- **WORK ORDER**
Within the records that follow, restate exactly the lines from the line with "Anello contrariè in" down to the line with "Bring playful energy", including both. Omit the pictures.

Records from a data source
- - - - - - -
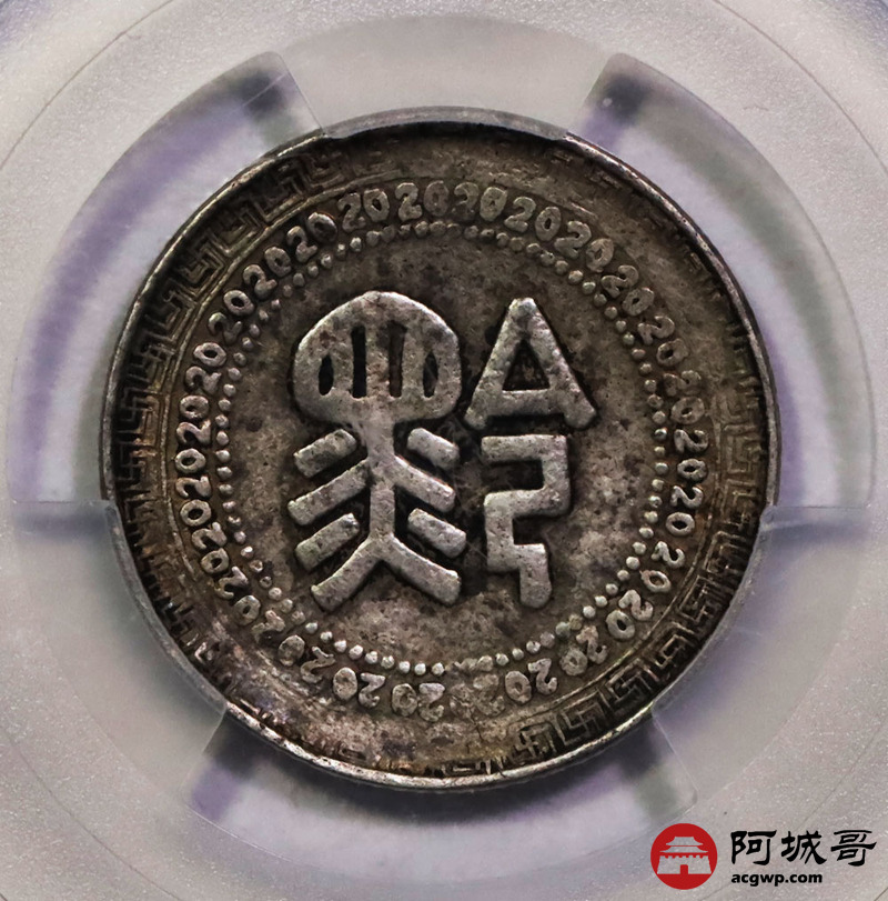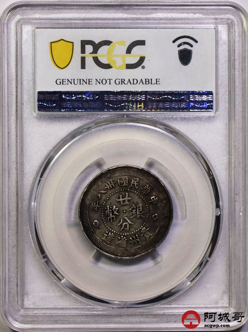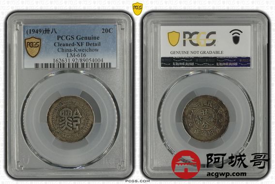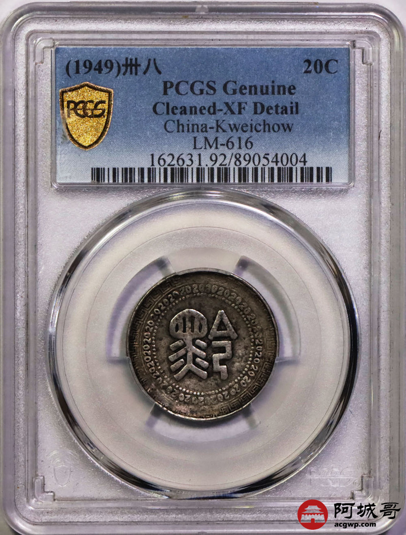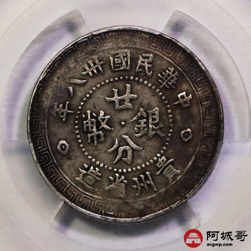 Lot:5 原味老包浆 民国三十八年贵州黔字二十分 PCGS XF
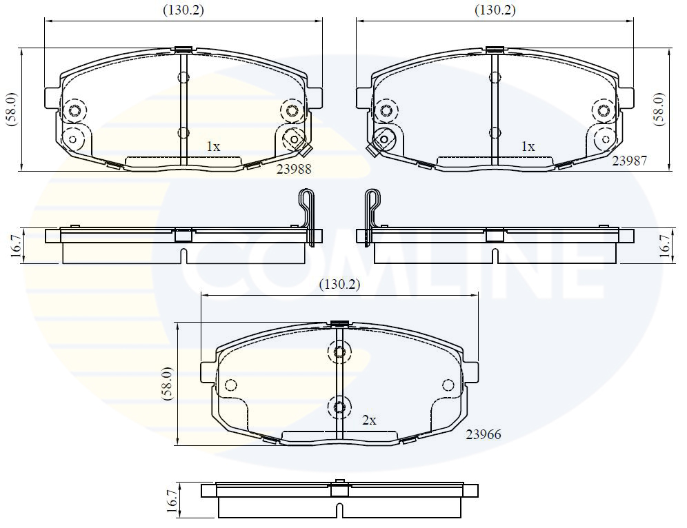 Partea de montare: punte fata ->Grosime [mm]: 16,8 ->Lungime [mm]: 130,2 ->Latime [mm]: 58Contact indicator uzura: cu avertizare acustica uzuraPlacuta de frana: fara muchii tesiteSistem de frânare: MandoNumar WVA: 23966, 23987, 23988
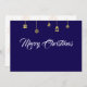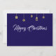 Greeting wish card Merry Christmas written in English in mauve font with golden christmas symbols on a purple background - editable text and background
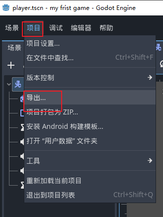 - 安装完成之后,我们可以来到我们的左上角项目那里点击导出
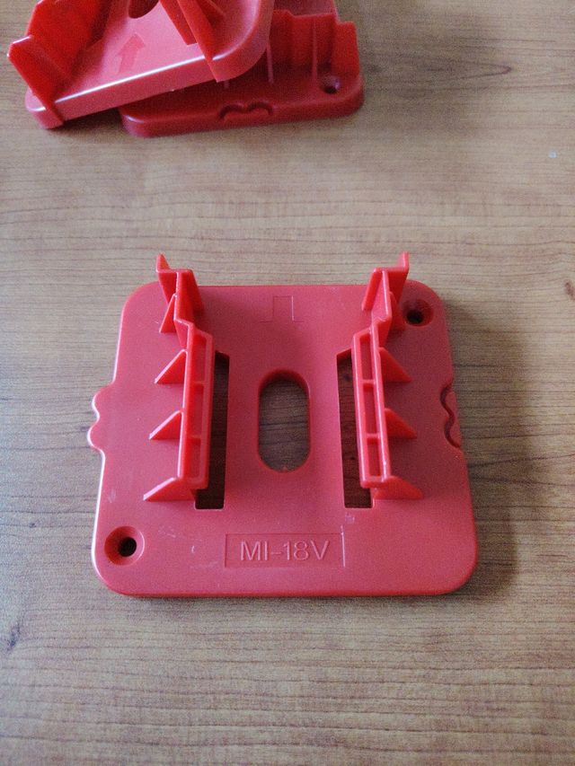 Soporte para batería en color rojo. Se encuentra en buen estado. - Compatible con baterías MI-18V. - Fabricado en plástico resistente. - Incluye un soporte.
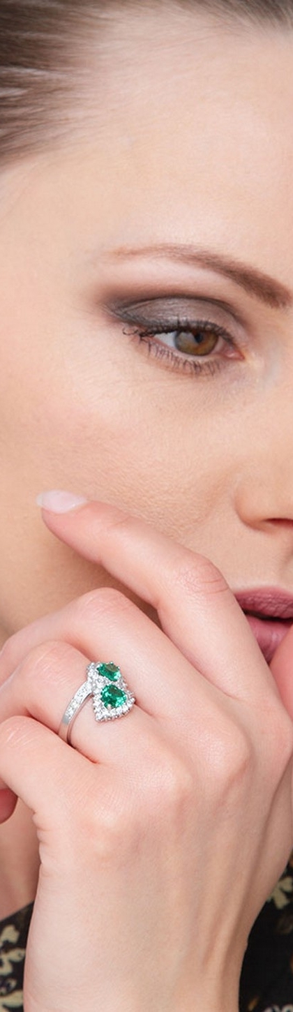 Anello contrariè in Oro Bianco 18k, con incastonati due smeraldi taglio a cuore contornati da diamanti colore G purezza Vs taglio brillante.
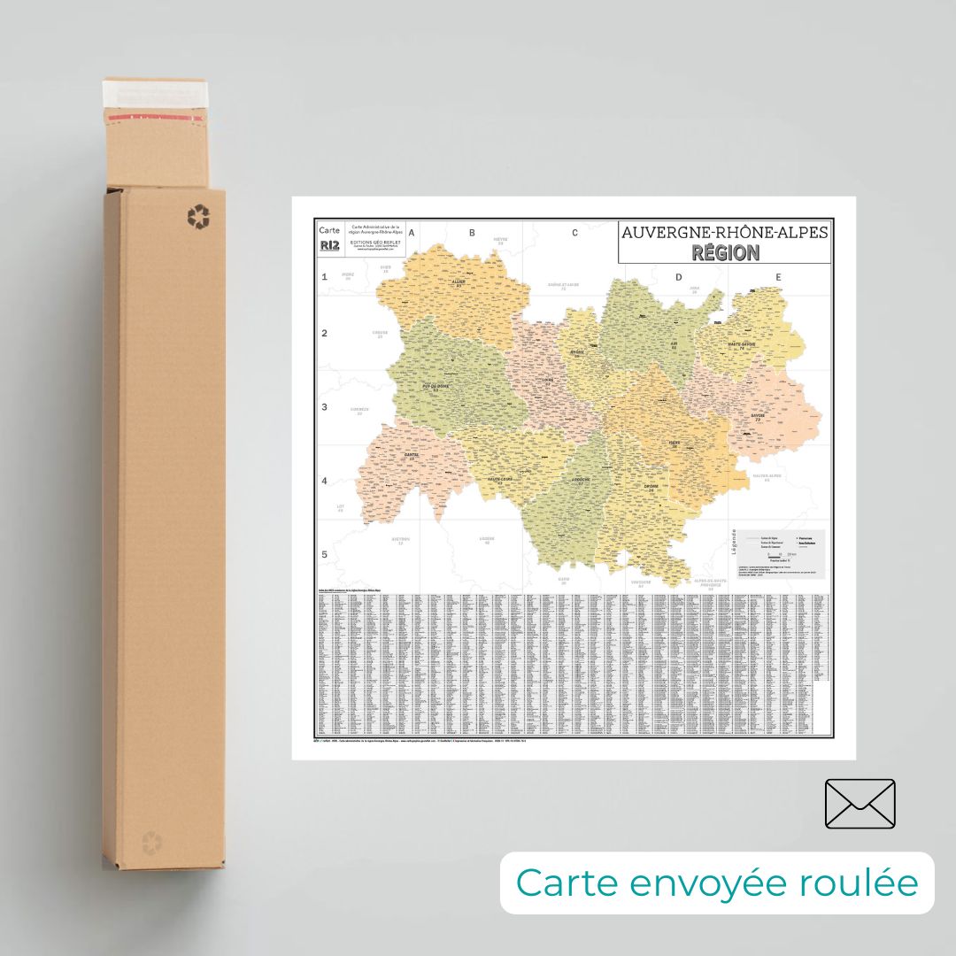 Région Auvergne-Rhône-Alpes avec les départements et toutes les communes au 1er janvier 2025 (données sources : data.gouv.fr). Cette carte à l’ambiance vintage habille facilement vos murs.
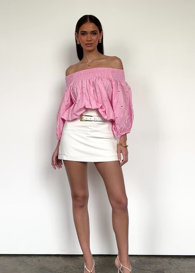 Bring playful energy with the Saidie Off Shoulder Top in Pastel Pink. Pair with high-waisted skirts or relaxed jeans and finish with chunky sandals.
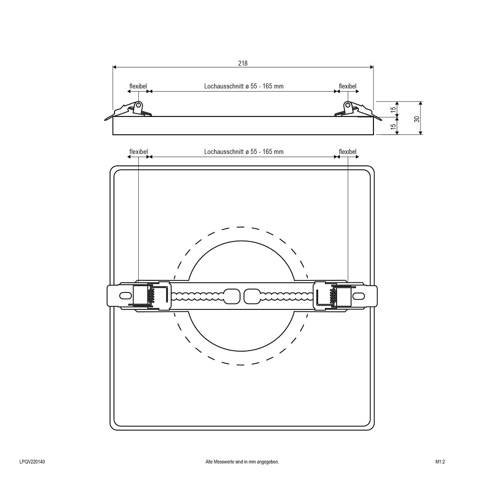 LED Ein- und Anbaupanel für verschiedene Anwendungsbereiche, wie z. B. flächendeckende, aber auch effektvolle Beleuchtungen in Flur, Wohnzimmer, Büro, und vieles mehr. Das Panel ist ausschließlich zur Verwendung im Innenbereich geeignet. Die Haltefedern können durch verschieden Rasterpunkte auf der Halteschiene verstellt werden, wobei folgende Ausschnittmaße möglich sind: 55mm, 65mm, 75mm, 90mm, 102mm, 115mm, 126mm, 140mm, 154mm, 165mm. Durch den großflächigen Lichtaustritt wird dabei immer eine sehr homogene Ausleuchtung des Raumes erreicht. Das Netzgerät ist im Panel verbaut.
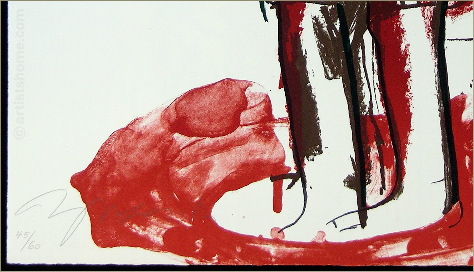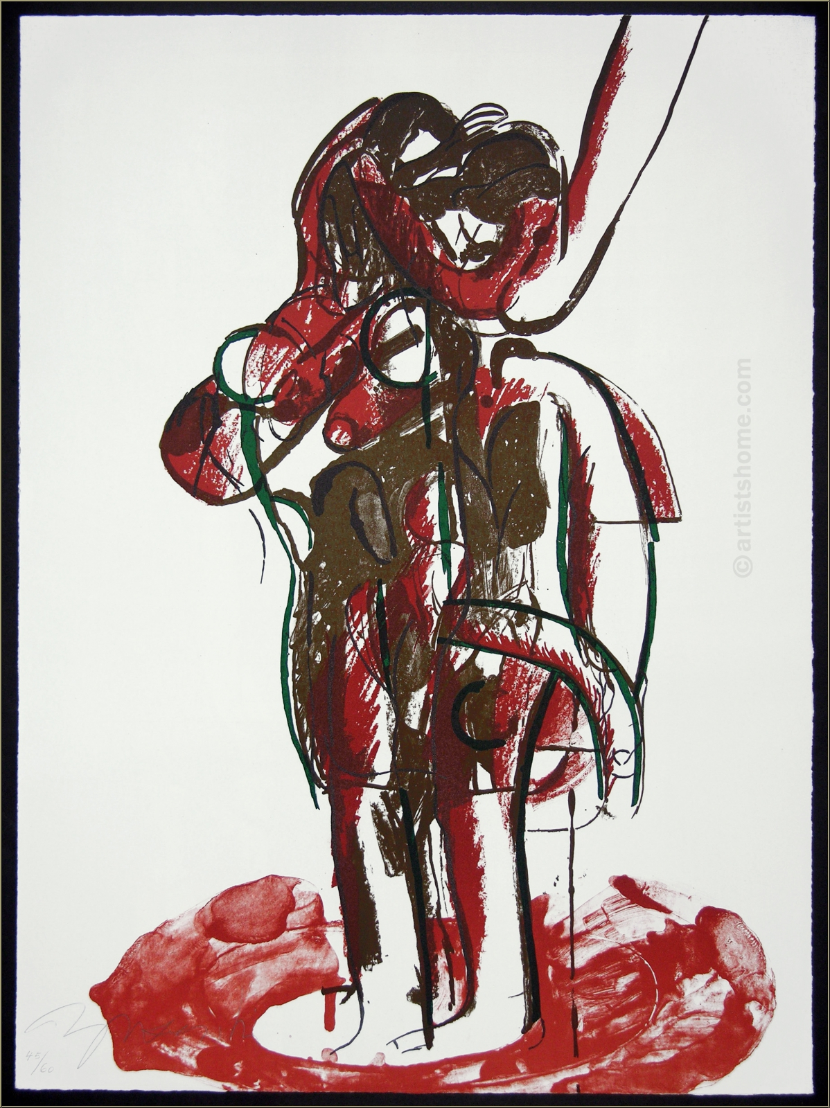 Détails :« Spiegel II » Figure abstrait en rouge, marron, noir et vert foncé Après une longue période d’abstinence, loin de son œuvre imprimée (déjà peu abondante), Rolf Szymanski retourne enfin à la lithographie en 1971. Et on ne peut que s’en réjouir ! Le résultat : trois remarquables œuvres de grande envergure, intitulées « Spiegel I-III » (Miroir I-III), et destinées à son portfolio « Portraits ». Il s’agit ici de la deuxième estampe, intitulée « Spiegel II », une figure abstraite où règnent de fascinants tons rouges.
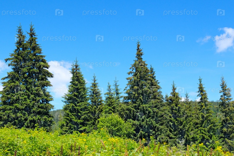 Еловый лес на холме
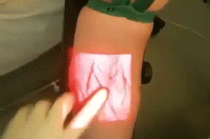 읭ㅋㅋㅋ 이거 지금도 쓰는데.. 아직 대중화는 안됐지만 대학병원급엔 꽤 많아요! 베인뷰어라고 해서 피부에 적외선을 쏘면 혈관이 보이는거에요! 혈관 찾기 어려운 소아과병동은 많이 쓴답니다.ㅎ.ㅎ
- - - - - - -
- **WRITTEN SOLUTION**
 Anello contrariè in Oro Bianco 18k, con incastonati due smeraldi taglio a cuore contornati da diamanti colore G purezza Vs taglio brillante.
 Région Auvergne-Rhône-Alpes avec les départements et toutes les communes au 1er janvier 2025 (données sources : data.gouv.fr). Cette carte à l’ambiance vintage habille facilement vos murs.
 Bring playful energy with the Saidie Off Shoulder Top in Pastel Pink. Pair with high-waisted skirts or relaxed jeans and finish with chunky sandals.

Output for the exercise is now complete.